Enhancement Medical LLC, the manufacturer of Expression, received a warning letter from the FDA dated June 4, 2014 “advising the company of multiple quality system, correction/removal, and medical device reporting violations that were revealed during an inspection” the FDA said. The letter also accuses Enhancement Medical of improperly marketing Expression as an “injectable filler”.

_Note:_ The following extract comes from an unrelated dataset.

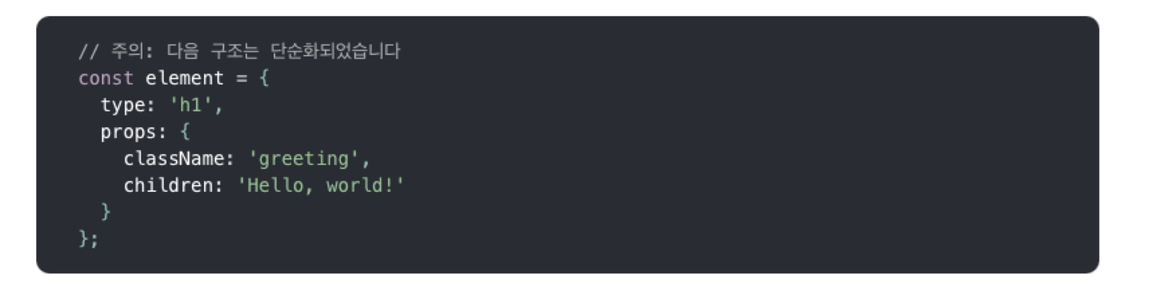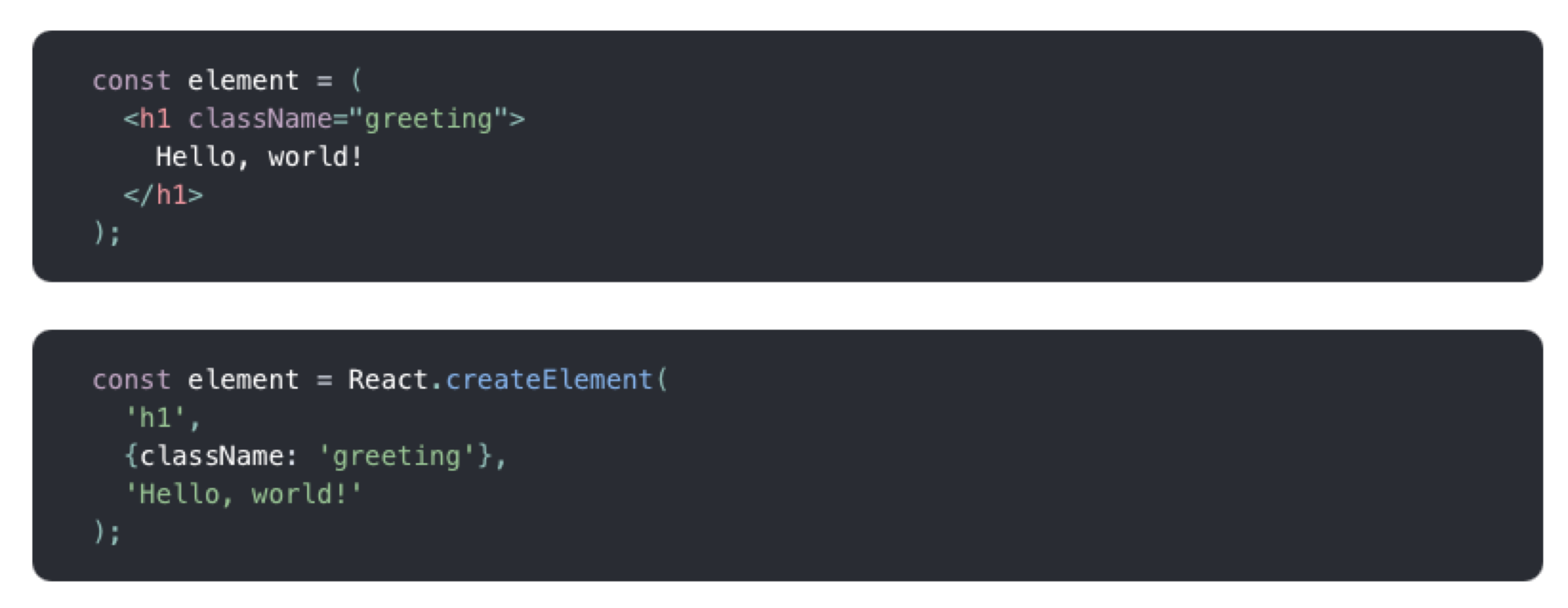 Babel은 JSX를 아래와 같은 React.createElement() 호출로 컴파일하게 됩니다. 이후 React.createElement()는 아래와 같은 객체를 생성합니다.
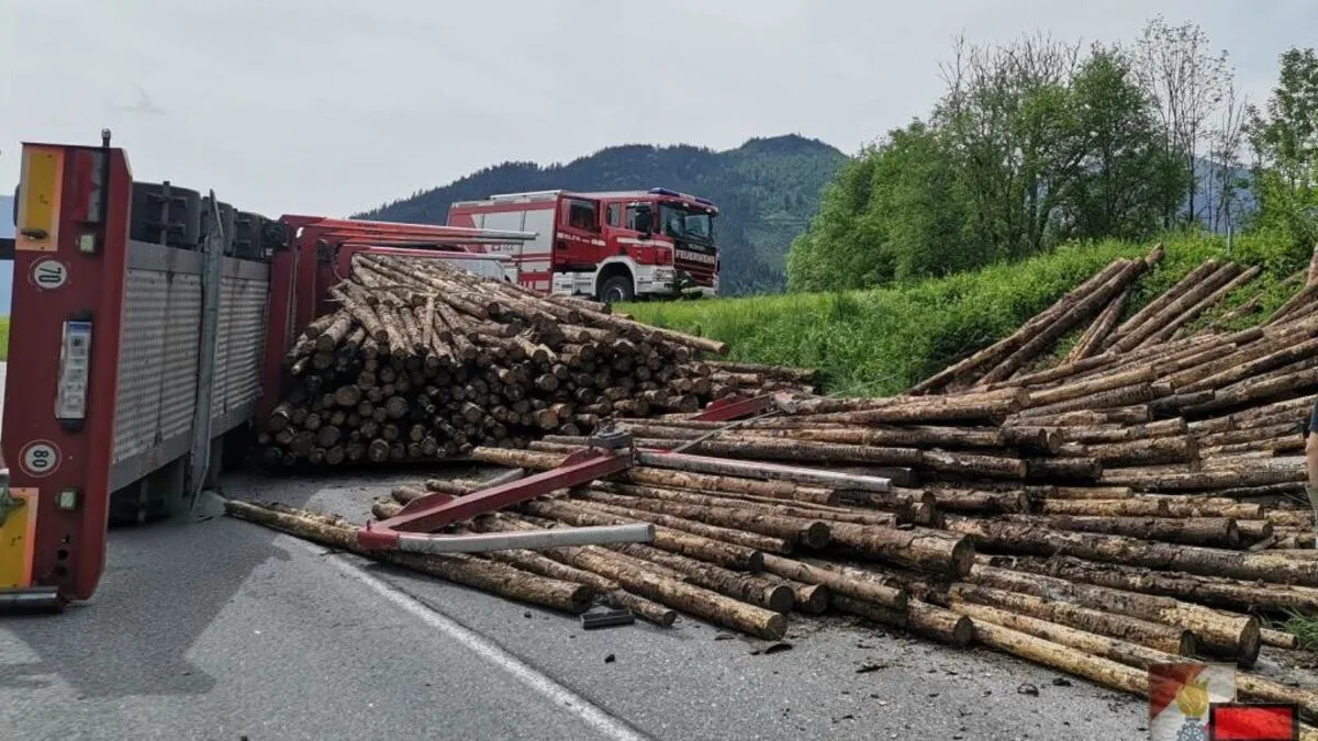 In einer Kurve der B 117 bei Admont stieß am Montag ein Holztransporter seitlich mit einem anderen Lkw zusammen. Dessen Lenker fuhr weiter, der 45-jährige Fahrer des Transporters wurde in der Fahrerkabine eingeklemmt.

The FDA has approved Expression for use as an intranasal splint. After surgery and trauma, this product is meant to reduce bleeding and swelling and prevent the septum from sticking to the nasal cavity. Although it has some similar ingredients to other FDA-approved wrinkle fillers, the agency has not approved it for this purpose.
The agency notes that approved injectable fillers have undergone clinical testing because they are classified as class III, or high risk. The FDA has reviewed data showing that the products are safe and effective for use. No such safety review has been conducted for the use of Expression as dermal filler. The FDA wrote on its website that “without reviewing clinical data supporting the safety and effectiveness the FDA cannot not fully understand the nature, severity, or rate of occurrence of adverse events associated with Expression and has no assurance of this product’s safety or effectiveness when used as a “dermal filler.”
The FDA reported that one patient was left with “obvious deformity” after off-label use of Expression. After the product was injected, firm masses developed and the attempts to remove them were unsuccessful. Patients who have received expression as dermal filler “should be monitored for adverse events and referred for corrective treatment when appropriate,” the agency recommends.